## [Brief]
Below, find the line containing "The chosen logo" and the line containing "kit de urbanita"; reproduce exactly those two and every line between them, omitting pictures.

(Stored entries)
---------------

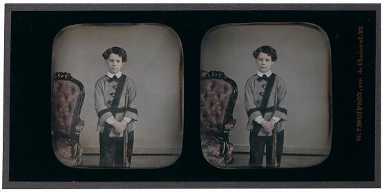 DescriptionStereo image of a child standing next to a tufted chair with hands clasped in front; a rifle is tucked under the child's left arm. This uncased stereo daguerreotype is housed behind reverse painted glass.Published ReferencesSpringfield Daily Republican [Massachusetts] (March 22, 1851): n.p.; Janet E. Buerger, French Daguerreotypes (Chicago: University of Chicago Press, 1989): 108-14; and Bates Lowry and Isabel Lowry, The Silver Canvas: Daguerreotype Masterpieces from the J. Paul Getty Museum (Los Angeles: J. Paul Getty Museum, 1998): 92-93, 220.
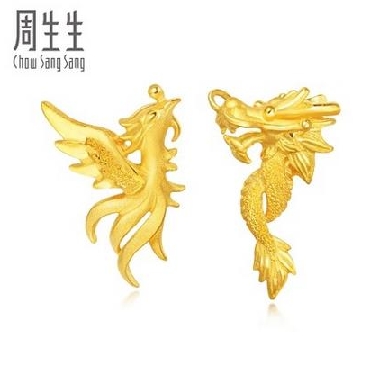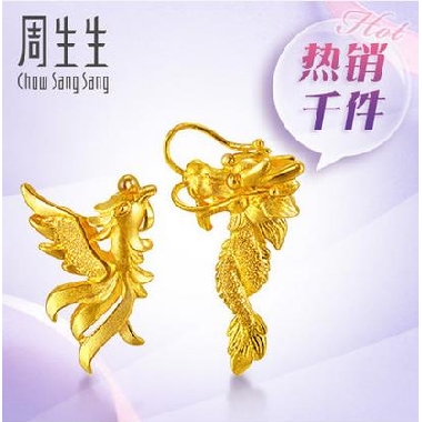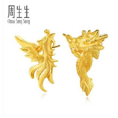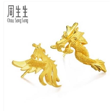 周生生足金龙凤结婚 黄金耳钉 耳环 耳饰 耳坠女68742E计价
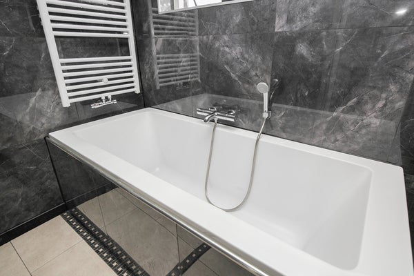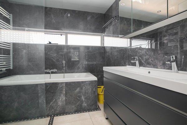 Drei Schlafzimmer, separates WC mit Waschbecken. Das Badezimmer mit Dusche, Badewanne und Waschbecken verfügt über ein Fenster, das geöffnet werden kann und für natürliches Tageslicht sorgt. Das Badezimmer wurde kürzlich renoviert und sehr modern gestaltet. -
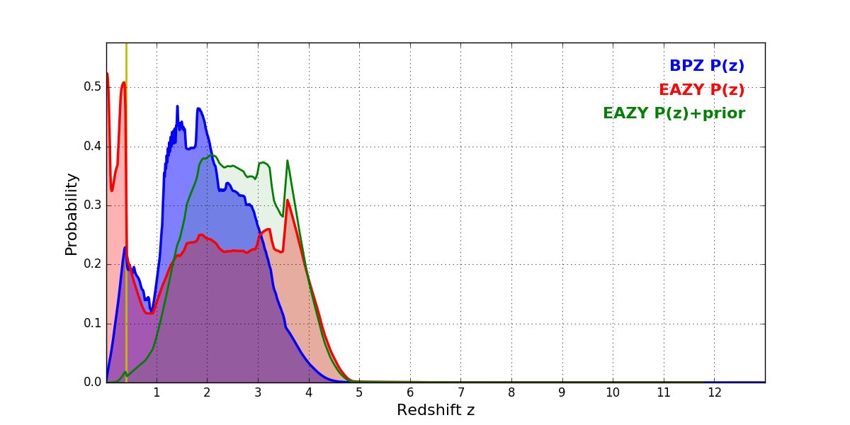 In P(z) plots: Yellow lines mark the cluster redshift z = 0.396,
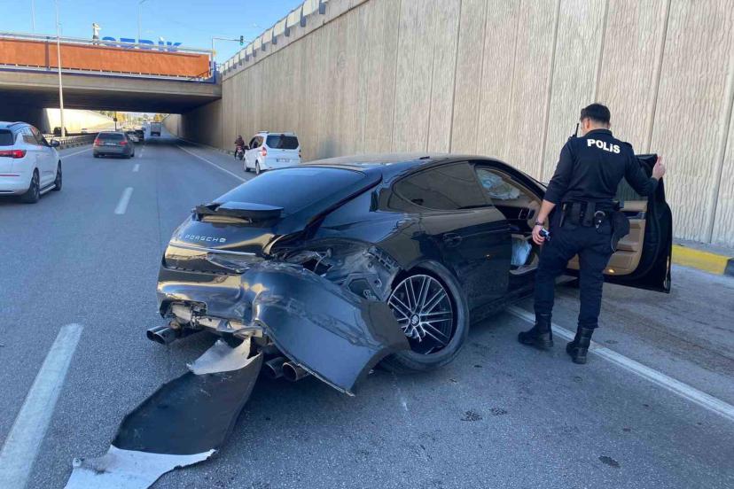 Porsche otomobil önce bir araca sonra alt geçit duvarına çarptı: 1 yaralı
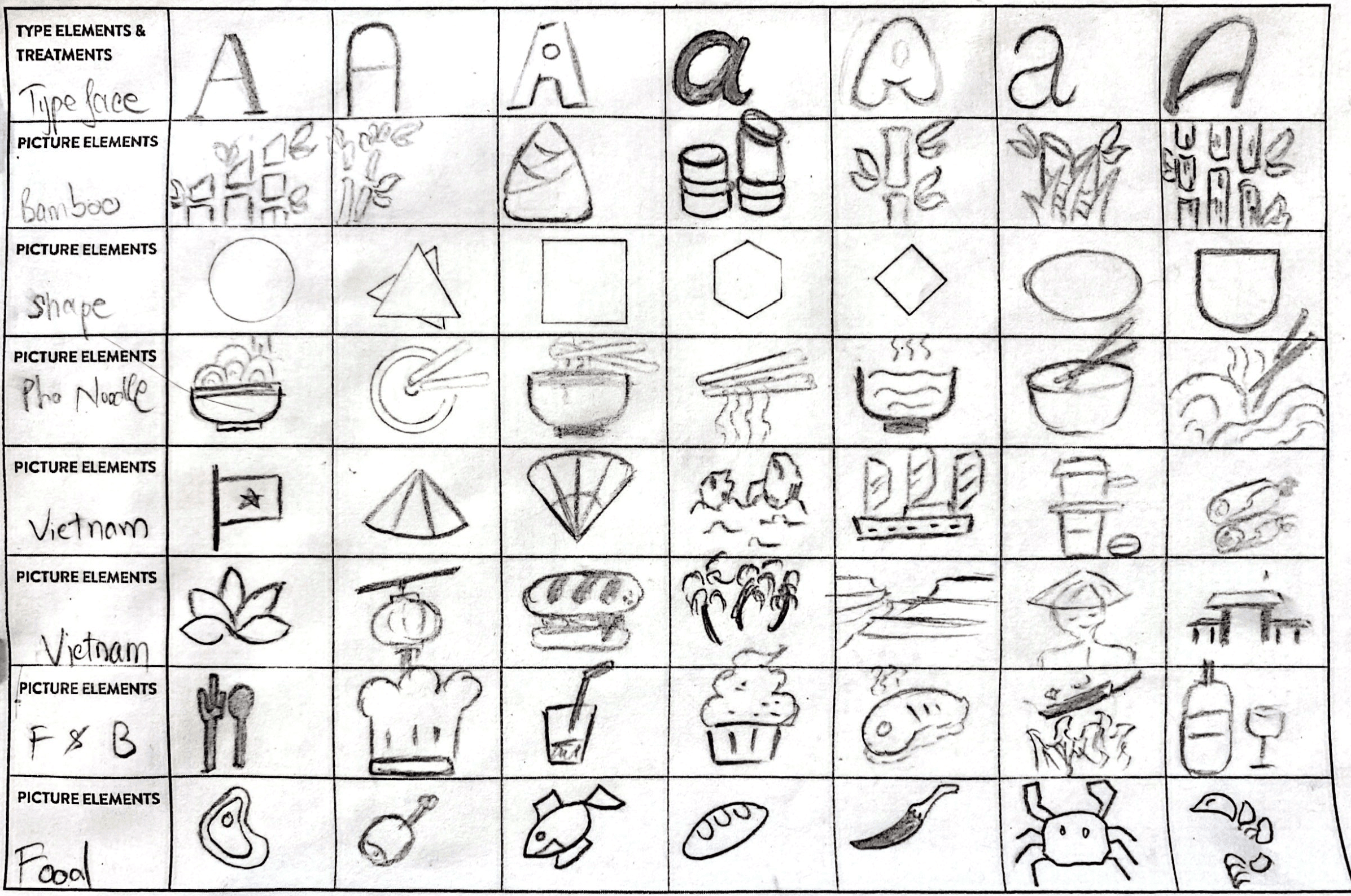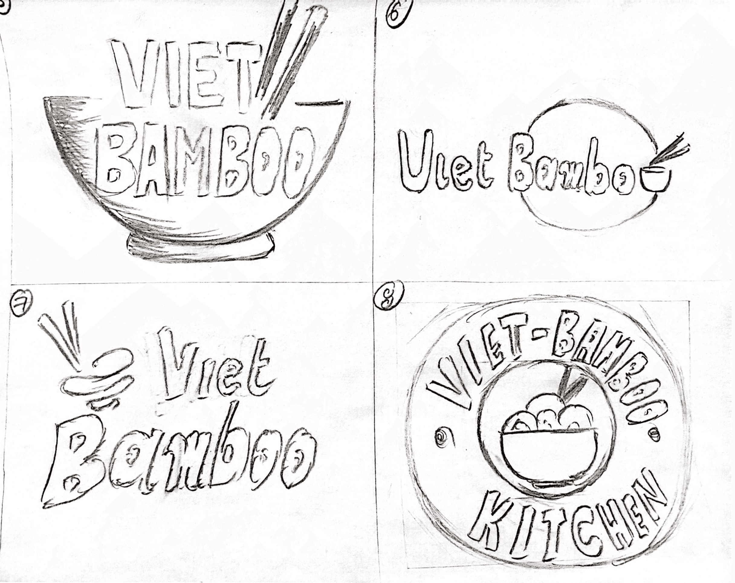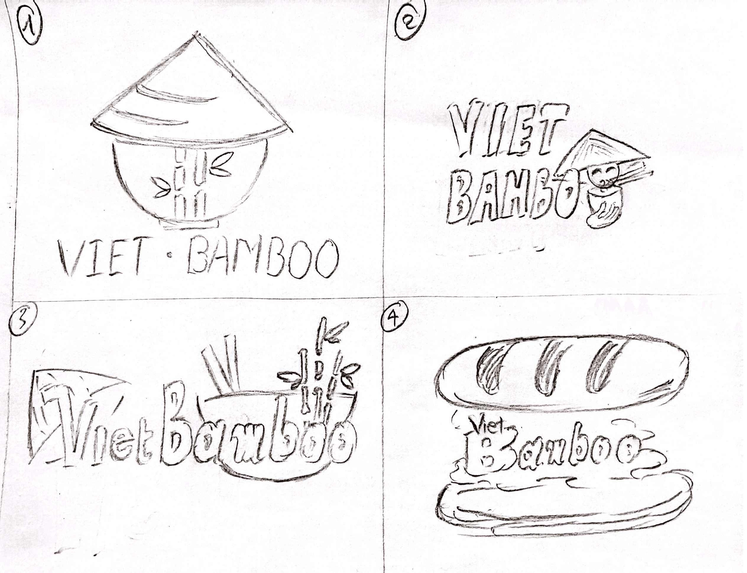The chosen logo design incorporates a bowl of pho, a conical hat, and bamboo—three iconic symbols of Vietnam. The curved lines of the bowl and hat are combined to create a unique and cohesive image of a "bowl wearing a conical hat." Bamboo represents the restaurant's name, VietBamboo, while also serving as a visual highlight. Additional elements, such as the red star (symbolizing Vietnam's flag) and a phin coffee filter, further emphasize the connection to Vietnamese culture, representing the nation's culinary and cultural heritage.
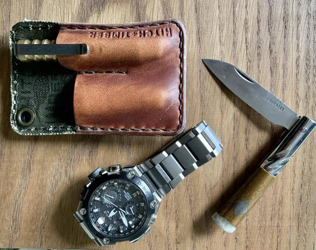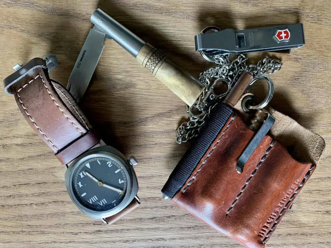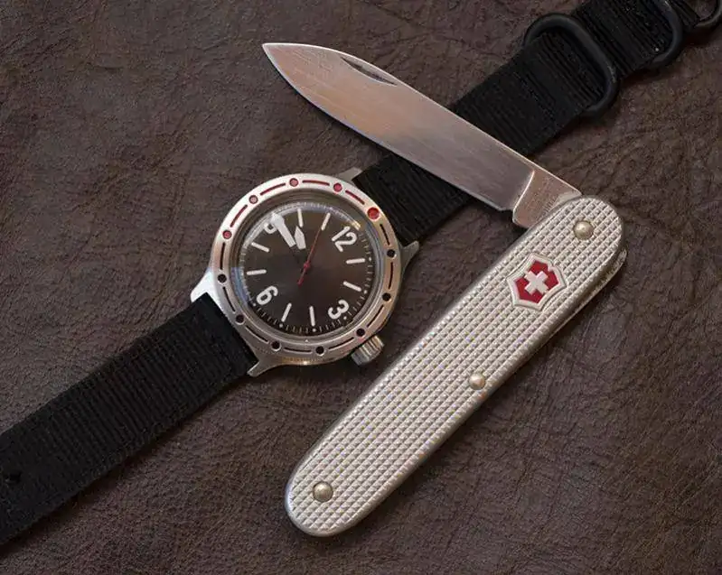 kit de urbanita listo para todo! de mi abuelo y de mi padre, heredé la costumbre de llevar siempre una navaja, por suerte vivo en zona medio rural, pero en la ciudad se ve muy raro que saques del bolsillo una navaja, yo soy incapaz de hacerle daño ni a una mosca, pero aun que sea para cortar una etiqueta de una prenda recién comprada o lo que sea.... se ve raro, para ello una victorinox classic no puede passar mas desapercibida y es lo menos "intimidante" que conozco, en cuanto al reloj.. últimamente me pirran los rusos, así que un mod komandirkie que queda bien con lo que suelo llevar puesto!
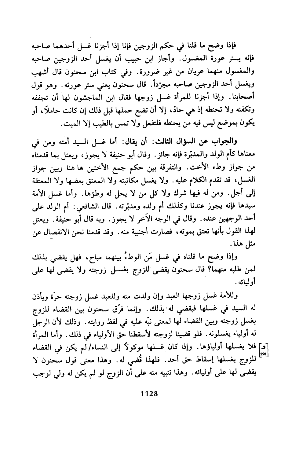 وللامة غسل زوجها العبد وإن ولدت منه وللعبد غسل زوجته حرّة ويأذن له السيد في غسلها فيقضي له بذلك. وإنما فرق سحنون بين القضاء للزوج بغسل زوجته وبين القضاء لها لمعنى نبه عليه في لفظ روايته. وذلك لأن الرجل له أولياء يغسلونه. فلو قضينا لزوجته لأسقطنا حق الأولياء في ذلك. وأما المرأة فلا يغسلها أولياؤها. وإذا كان غسلها موكولًا إلى النساء لم يكن في القضاء للزوج بغسلها إسقاط حق أحد. فلهذا قُضي له. وهذا معنى قول سحنون لا يقضى لها على أوليائه. وهذا تنبيه منه على أن الزوج لو لم يكن له ولي لوجب
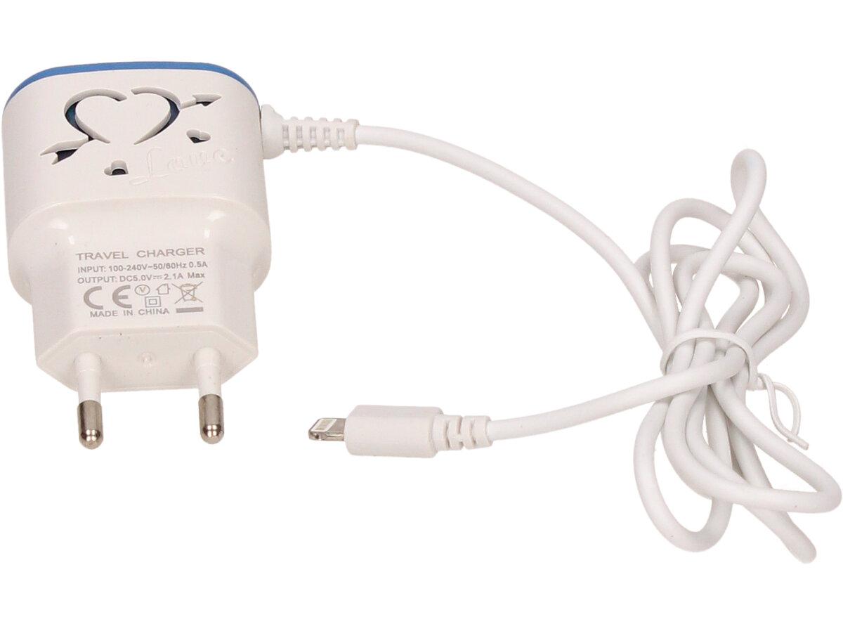 Praktická nabíječka pro telefony a zařízění Iphone s dlouhým 85cm kabelem a lampičkou, která při zastrčení do zásuvky svítí.
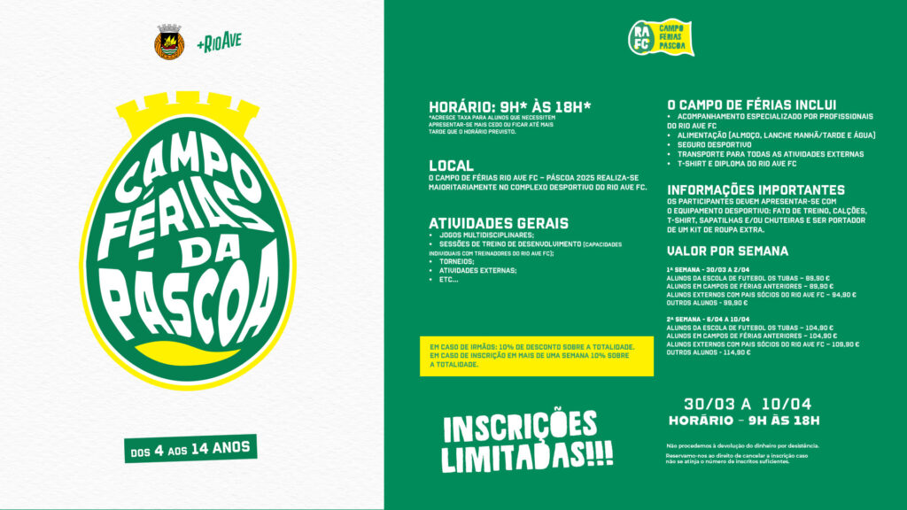 Assim como em anos anteriores o Rio Ave FC organiza mais um Campo de Férias da Páscoa. Duas semanas onde podes usufruir de diversas atividades no nosso Clube. Se queres fazer parte da diversão faz a tua inscrição na Rio Ave Store. As inscrições são limitadas por isso não percas tempo e agarra esta oportunidade!
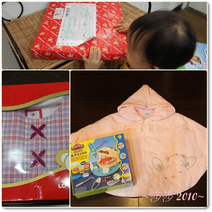 莎莎禮物大豐收,謝謝阿姨們疼愛莎莎,多了好多漂亮的衣服喔^^
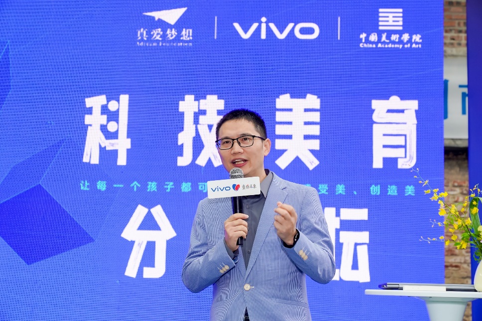 vivo企业社会责任总监、乡村儿童美育网络执委张天潘在开幕致辞中,分享了他在美育实践中的感动。他表示,美育最真实的模样,是乡村孩子举起画作时发亮的眼睛,是他们通过影像将家乡变成作品时的惊叹。“在vivo,我们选择用我们最擅长的方式——科技,作为传递美好的小船。”他强调,智能设备不只是工具,更可以成为一支全新的“画笔”。在“童画未来”项目中,科技化身为连接心灵的彩虹桥,守护并放大每一个孩子的创造力。他形容美好的传递如同涟漪,“一个孩子的笑容感染另一个,一位老师的感动激励另一位”,并呼吁所有参与者共同成为“涟漪的中心”,汇聚能量,传递美好。
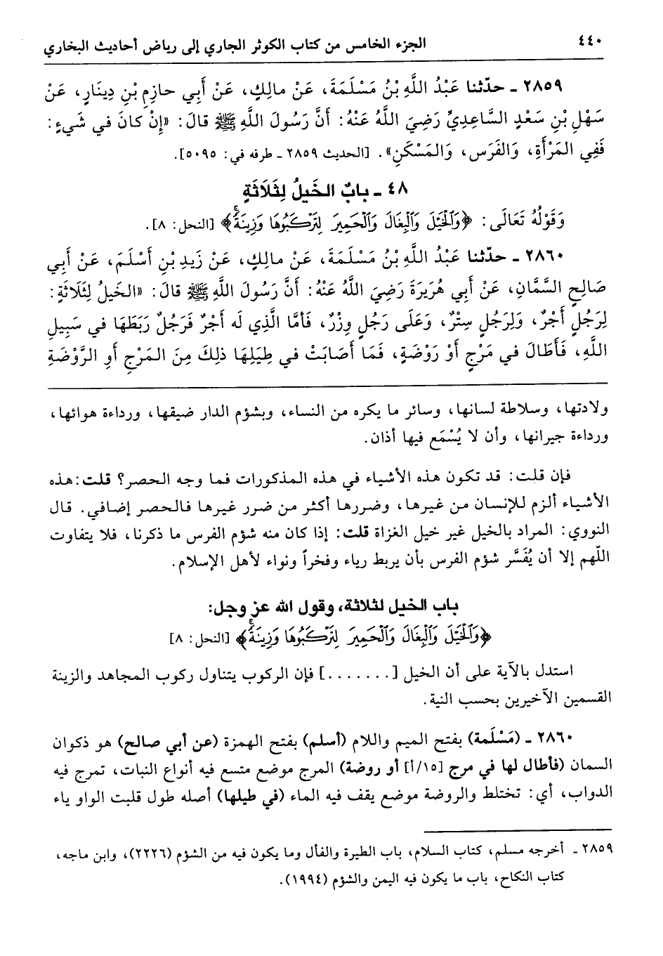 2860 - (مَسْلَمة) بفتح الميم واللام (أسلم) بفتح الهمزة (عن أبي صالح) هو ذكوان السمان (فأطال لها في مرج أو روضة) المرج موضع متسع فيه أنواع النبات، تمرج فيه الدواب، أي: تختلط والروضة موضع يقف فيه الماء (في طيلها) أصله طول قلبت الواو ياء
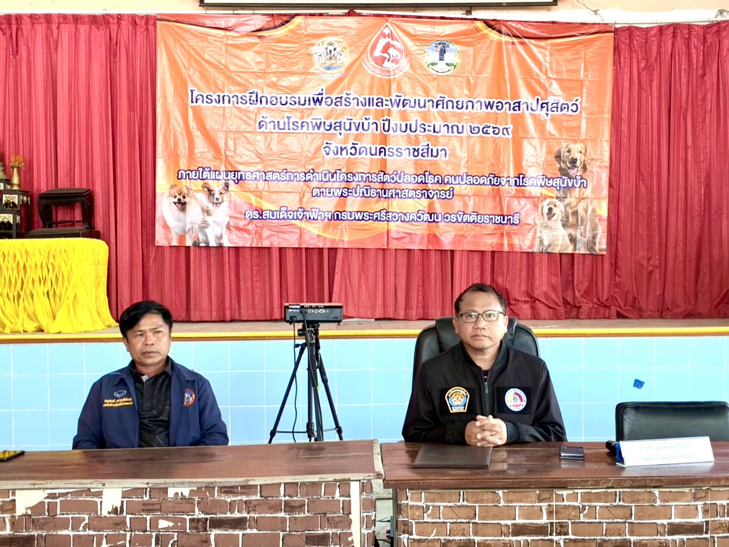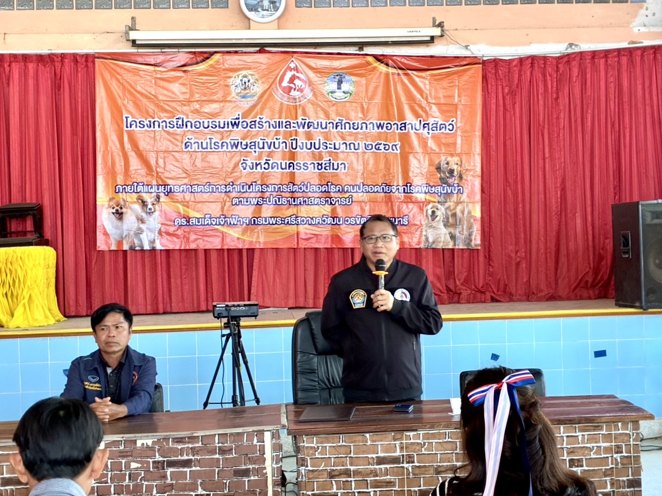 “โครงการฝึกอบรมเพื่อสร้างและพัฒนาศักยภาพอาสาปศุสัตว์ด้านโรคพิษสุนัขบ้า ปีงบประมาณ 2569 จังหวัดนครราชสีมา”

---------------

## [Written answer]
The chosen logo design incorporates a bowl of pho, a conical hat, and bamboo—three iconic symbols of Vietnam. The curved lines of the bowl and hat are combined to create a unique and cohesive image of a "bowl wearing a conical hat." Bamboo represents the restaurant's name, VietBamboo, while also serving as a visual highlight. Additional elements, such as the red star (symbolizing Vietnam's flag) and a phin coffee filter, further emphasize the connection to Vietnamese culture, representing the nation's culinary and cultural heritage.
 kit de urbanita listo para todo! de mi abuelo y de mi padre, heredé la costumbre de llevar siempre una navaja, por suerte vivo en zona medio rural, pero en la ciudad se ve muy raro que saques del bolsillo una navaja, yo soy incapaz de hacerle daño ni a una mosca, pero aun que sea para cortar una etiqueta de una prenda recién comprada o lo que sea.... se ve raro, para ello una victorinox classic no puede passar mas desapercibida y es lo menos "intimidante" que conozco, en cuanto al reloj.. últimamente me pirran los rusos, así que un mod komandirkie que queda bien con lo que suelo llevar puesto!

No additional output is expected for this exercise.